Until I board a plane for Boston. I got back from the motorcycle trip yesterday, and it was a big reminder of why I love this part of the country.
We loaded up my little bike (Honda Shadow 600) and headed East. Now, I take up two-thirds of my bike's weight limit. My girlfriend caps it off. Add in 50 pounds of gear and a steep mountain pass, and you've got one dogged down bike. But we made it without a hitch. As much as I hate the politics (and quite a few of the people) in Puget Sound, the rest of the country is just breathtaking. Riding through the farmland and up mountain passes is the way traveling should be done. I was born with a wanderlust, and this trip brought it back in a big way. I shot two rolls of film, but haven't gotten them developed yet.
(side note: All you people with fancy digital cameras who take pictures and post them while on vacation, and expect me to do the same; bite me. Or buy me a digital camera)
I wish I could describe this trip, but I don't know if I have the words. There's one part of Highway 2, where you drive down a hill and through a cut, and into.... nothing. The road drops down, but for a moment you're staring at a solid cliff wall half a mile away, and it looks like you're about to go sailing into the great blue yonder. A strait canyon, half a mile wide, with cliff walls hundreds of feet high on both sides, and you're on a road right in the middle. The mountain passes were shredding clouds as we rode by, and coming off of the pass is like falling into a sea of green. You could smell the pine trees along the Wenatchee River. Coming West out of Spokane is like going through a doorway and into miles and miles of rolling farmland, tans and browns as far as you can see, with a black ribbon of road and the occasional farmhouse as the only interuptions. Words just can't do it justice, you have to see it and do it.
And if it's on a motorcycle, so much the better.
However, on to some news you can use. Courtesy of Random Nuclear Strikes, we have yet more proof that weapons, even big ones, can be dismantled and moved. I hear the gasps of disbelief on the Left, but it's true! And guess what, you numbskulled nitwits, when you give someone over a year to prepare and hide their stash, chances are you're not going to find it without some serious digging!
And for those of you who read that article and say that we shouldn't worry about North Korea yet, please stop stealing my oxygen.
And while I was perusing The Mrs., (as in du Toit) I found an article that made my blood boil. Congress, it seems, wants to restrict Special Forces Operations.
"Congress is set to impose new restrictions on the use of Special Operations Forces that for the first time will require a presidential order before deploying commandos in routine but hidden activities."
I. Am. Speechless.
"The restrictions were added to the report by members of the Senate Intelligence Committee after consultations with Stephen Cambone, the defense undersecretary for intelligence, according to current and former U.S. officials and documents obtained by The Washington Times."
I want to find those "members of the Senate Intelligence Committee" and beat them to death with their own arms, having ripped them said idiots off seconds prior! The idiocy contained herein is overwhelming! Did these worthless nutbutters actually think they were doing anything good?
"Gee Bob, how can we help our boys fight terrorists?"
"Well Chuck, hows about add one more level to their chain of command, screw with their authorization process, and demand that we be allowed to OK their plans, all while making it public!"

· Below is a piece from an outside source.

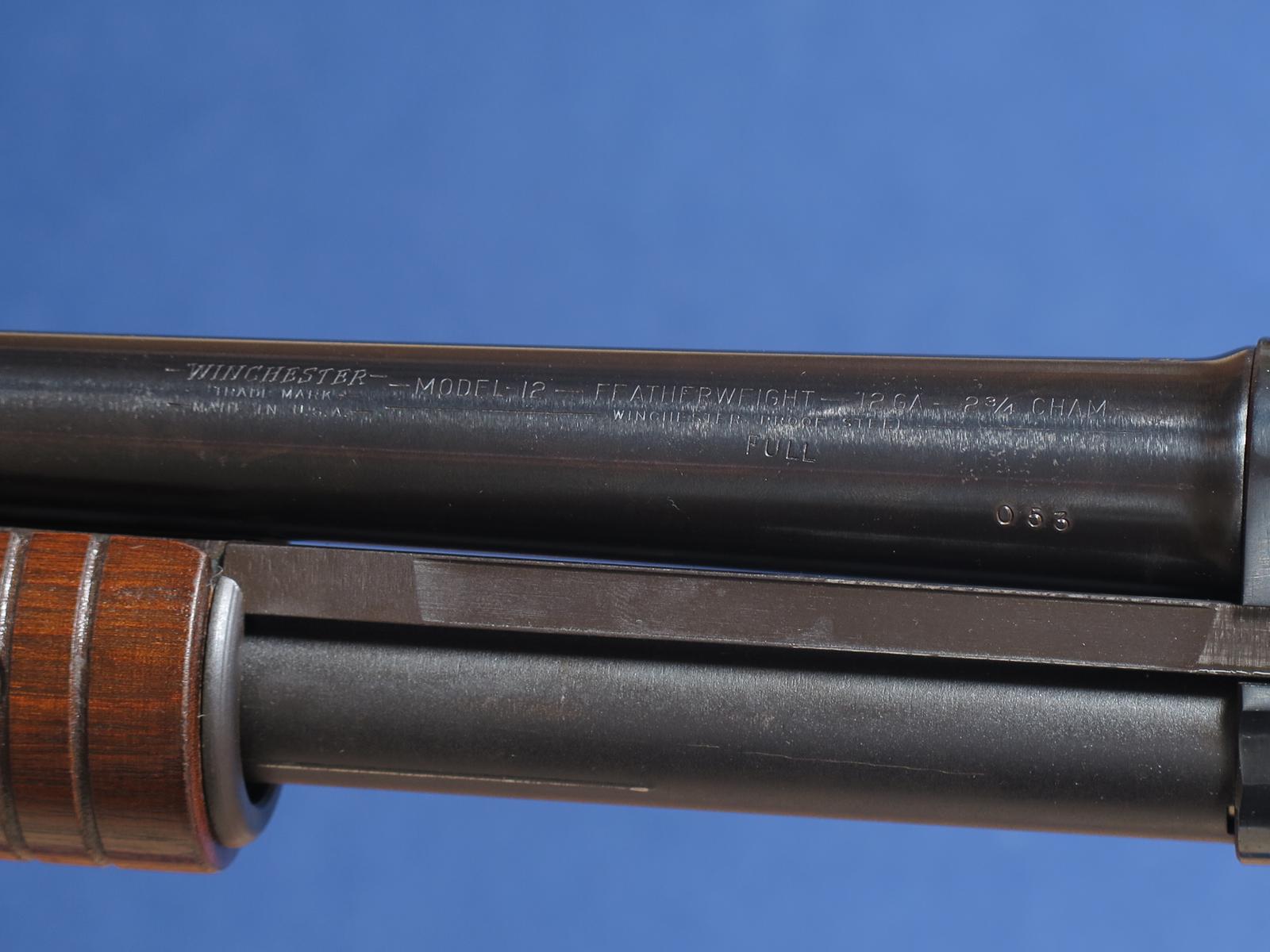Winchester 12 Featherweight 12ga. 30 inch barrel. Full choke. SN 1813053F. 14 1/8 LOP. Original finish. Excellent blue finish. Wood shows a few handling marks.

"Wow Bob, that sounds great!"
I think it's time the congress critters are reminded where their power comes from. I don't care who wrote this piece of crap, it needs to be removed. And the congress critter who wrote it needs to go. Republican, Donk, I don't care, the monumental stupidity of anyone who would risk our SF boys is too dangerous to be allowed to mess with the military. When time is of the essence, when lives are at risk, when the mission NEEDS to be accomplished, the last thing the SF needs is some ass-breathed shitsmear congresscritter poking their nose in, or demanding consessions before they allow the mission to proceed.
I need more coffee...... with lots of whiskey. Yeah, that's the ticket.